BetterV: Controlled Verilog Generation with Discriminative Guidance

Zehua Pei,Hui-Ling Zhen,Mingxuan Yuan,Yu Huang,Bei Yu
2024-05-02
Abstract:Due to the growing complexity of modern Integrated Circuits (ICs), there is a need for automated circuit design methods. Recent years have seen rising research in hardware design language generation to facilitate the design process. In this work, we propose a Verilog generation framework, BetterV, which fine-tunes the large language models (LLMs) on processed domain-specific datasets and incorporates generative discriminators for guidance on particular design demands. The Verilog modules are collected, filtered and processed from internet to form a clean and abundant dataset.

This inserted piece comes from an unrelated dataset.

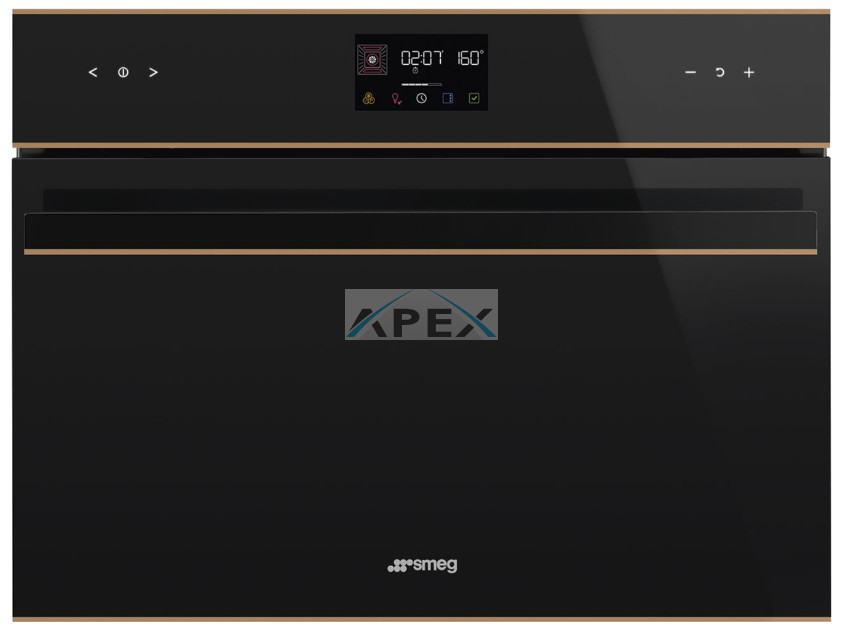 SMEG KOMPAKT KOMBINÁLT MIKROHULLÁMÚ SÜTŐ, Dolce Stil Novo design, Galileo, 45 cm, ES LCD, fekete üveg, réz dísz

Instruct-tuning methods are specially designed to fine-tune the LLMs to understand the knowledge about Verilog. Furthermore, data are augmented to enrich the training set and also used to train a generative discriminator on particular downstream task, which leads a guidance for the LLMs to optimize the Verilog implementation. BetterV has the ability to generate syntactically and functionally correct Verilog, which can outperform GPT-4 on the VerilogEval benchmark. With the help of task-specific generative discriminator, BetterV can achieve remarkable improvement on various electronic design automation (EDA) downstream tasks, including the netlist node reduction for synthesis and verification runtime reduction with Boolean Satisfiability (SAT) solving.
Artificial Intelligence,Programming Languages
What problem does this paper attempt to address?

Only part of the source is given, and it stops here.